The mude were the commercial expeditions of Venetian merchants in the Late Middle Ages, which touched lands near and far, connecting them to the Venetian Republic.
Likewise, the Mude books trace unprecedented relationships between Venice and other places, real or imaginary, opening the horizon to new geographies and parallel histories.
Salt marshes (Barene) are strips of semi-submerged land that characterize lagoon landscapes.
Barene's books bring to light the inseparable link between ecosystems and their human and non-human inhabitants from the perspective of Human Environmental Sciences.
Fondamenta's books tell the story of Venice starting from its margins and from those lives that historiography has too often forgotten.
A counter-narration of the city's past that illuminates its present, deconstructing the easy mask of myth and restoring awareness of how the margin is actually the founding stone of urban events.
Afterwords is the series dedicated to the most innovative voices of Africa and Afro-descendence, unique in the Italian publishing panorama.

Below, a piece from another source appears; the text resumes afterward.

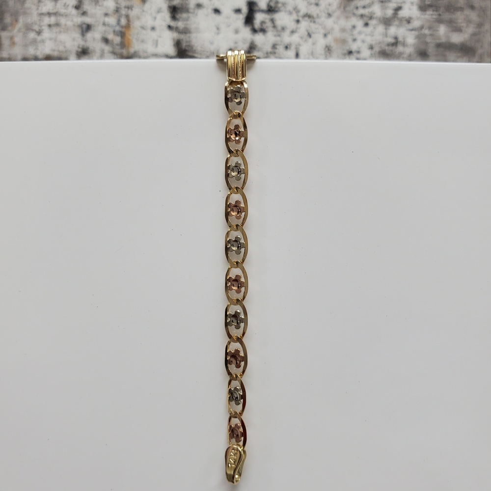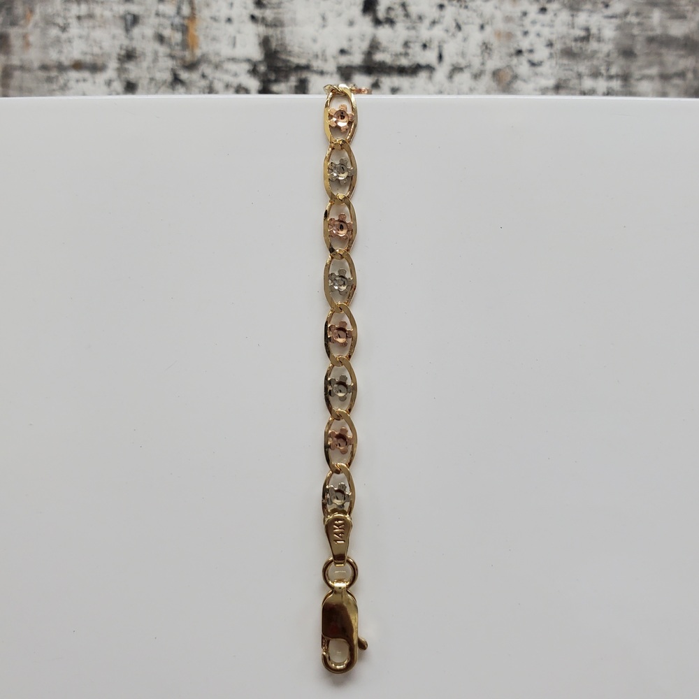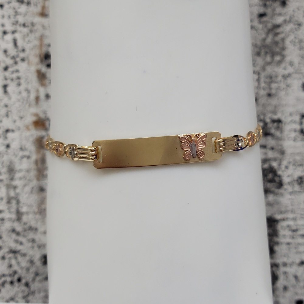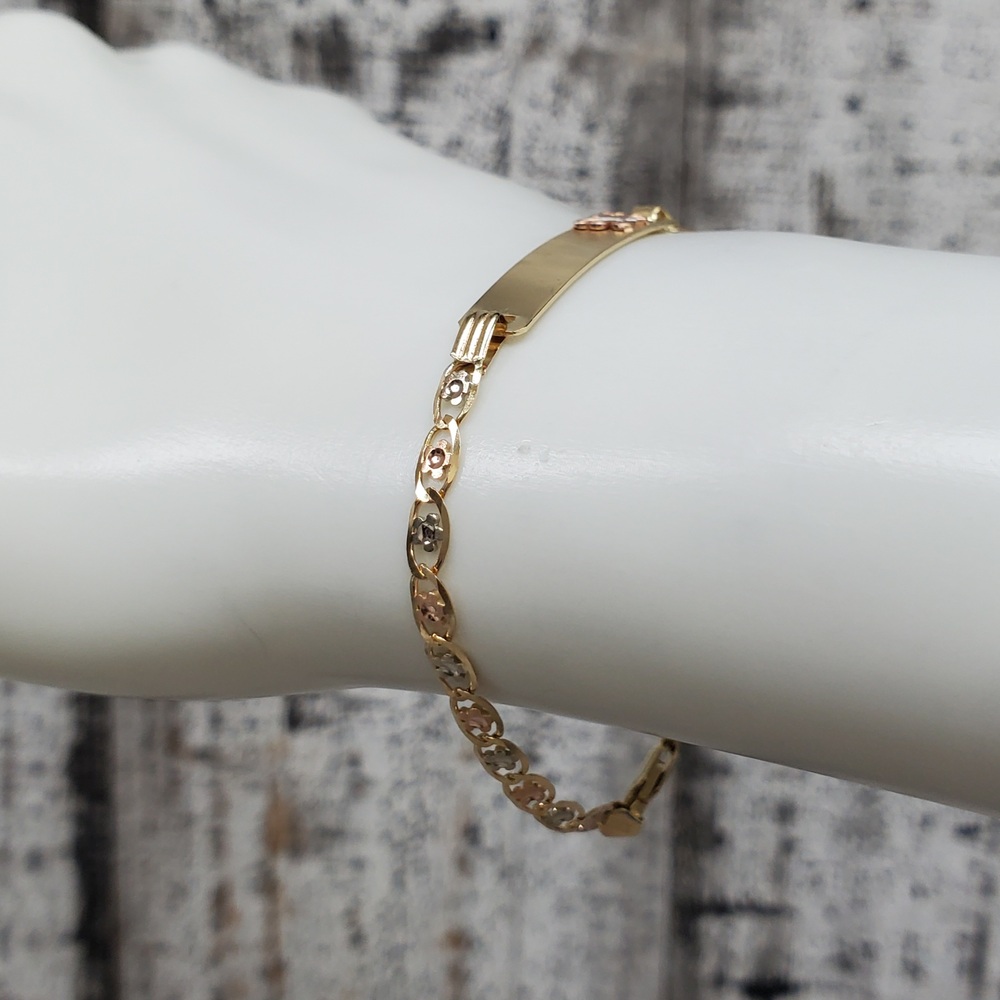 We have this stunning 14K TriColor Valentino Flower Style Link ID Bracelet w/ Butterfly For sale!

It moves between creative residencies in the Lagoon, new essayistic perspectives and hybrid narratives that intertwine with the city and the imagination of Venice. Its goal is to trigger a cultural exchange with the African literary world to bring out non-Western perspectives on the most important contemporary social and environmental issues.
Curated by Maaza Mengiste.
The new series of Ecocritical Guides explores key sites of Venetian and Italian culture from an entirely new perspective—one that goes beyond traditional interpretations to focus on cultural, ecological, environmental, and gender-related themes that often remain overlooked in the reading of artworks.
Compiled by artists, writers, and scholars from around the world, the Ecocritical Guides are an essential tool for reinterpreting cultural heritage and updating the lenses through which it is understood.